No-till is just the beginning

April 14, 2022

Farmers find no-till hits on many soil health principles, bring many benefits.

Since Lewis Bainbridge stopped tilling his fields more than 25 years ago, it’s been “continuous improvement,” according to the Ethan, South Dakota farmer.

“We’ve been at it a long time and have no reason to change,” he said.

Though he’s retired from farming now, his sons Matt and Neal still reap the benefits of what their father began decades ago.

“We’ve kind of grown up with it,” Matt said. “It’s pretty much all we know.”

One big improvement that comes from no-till: “You have incredible water infiltration,” Lewis said.

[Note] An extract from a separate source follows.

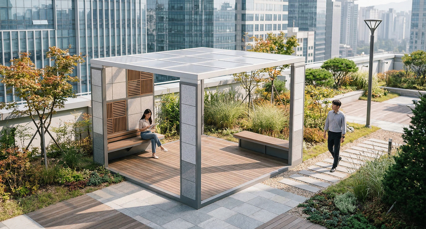 아트월 플러스 (ART-WALL PLUS)|DAUM-P-185A 제품목록으로 바로가기 자료 및 바로가기 나라장터 바로연결 도면 다운로드 시공사진 보러가기 기타 중후한 석재 패턴의 메인 포스트와 배면의 감각적인 체크형 아트월이 어우러져 현대적이고 정갈한 갤러리 감성을 연출합니다. 화이트 프레임 루프 아래 광폭 목재 데크와 안락한 벤치를 결합하여, 단지 내 휴게 공간에 세련되면서도 아늑한 프리미엄 라운지를 제공합니다. 제품명 아트월 플러스 (ART-WALL PLUS)|DAUM-P-185A 물품식별번호 24538216 규격 3,800 X 3,800 X 2,700(H) 재질 stl, galvanized, hard wood, polycarbonate 아트월 플러스 (ART-WALL PLUS)|DAUM-P-185A 물품식별번호 24538216 규격 3,800 X 3,800 X 2,700(H) 재질 stl, galvanized, hard wood, polycarbonate 기타 중후한 석재 패턴의 메인 포스트와 배면의 감각적인 체크형 아트월이 어우러져 현대적이고 정갈한 갤러리 감성을 연출합니다. 화이트 프레임 루프 아래 광폭 목재 데크와 안락한 벤치를 결합하여, 단지 내 휴게 공간에 세련되면서도 아늑한 프리미엄 라운지를 제공합니다. 자료 및 바로가기 나라장터 바로연결 도면 다운로드 시공사진 보러가기

That’s a benefit in wet years and dry years, and the Ethan area has experienced both extremes in recent years.

Untilled soil builds a higher water holding capacity. It acts like a sponge, said Heidi Rients.

“It’s doing what it’s supposed to do,” she said. “It’s holding water, and it’s readily available for the plant when needed.”

Rients has worked closely with the Bainbridges over the last decade as a Resource Unit Conservationist at the Natural Resources Conservation Service in Mitchell.

Reducing tillage is often the first step farmers take on the path to healthier soils. That one move hits on many of the five principles of soil health, Rients said.

The obvious one is minimizing soil disturbance, which helps build organic matter and keeps the soil structure intact. It leaves residue as a soil cover, helping prevent erosion. No-till also plays into maximizing plant diversity.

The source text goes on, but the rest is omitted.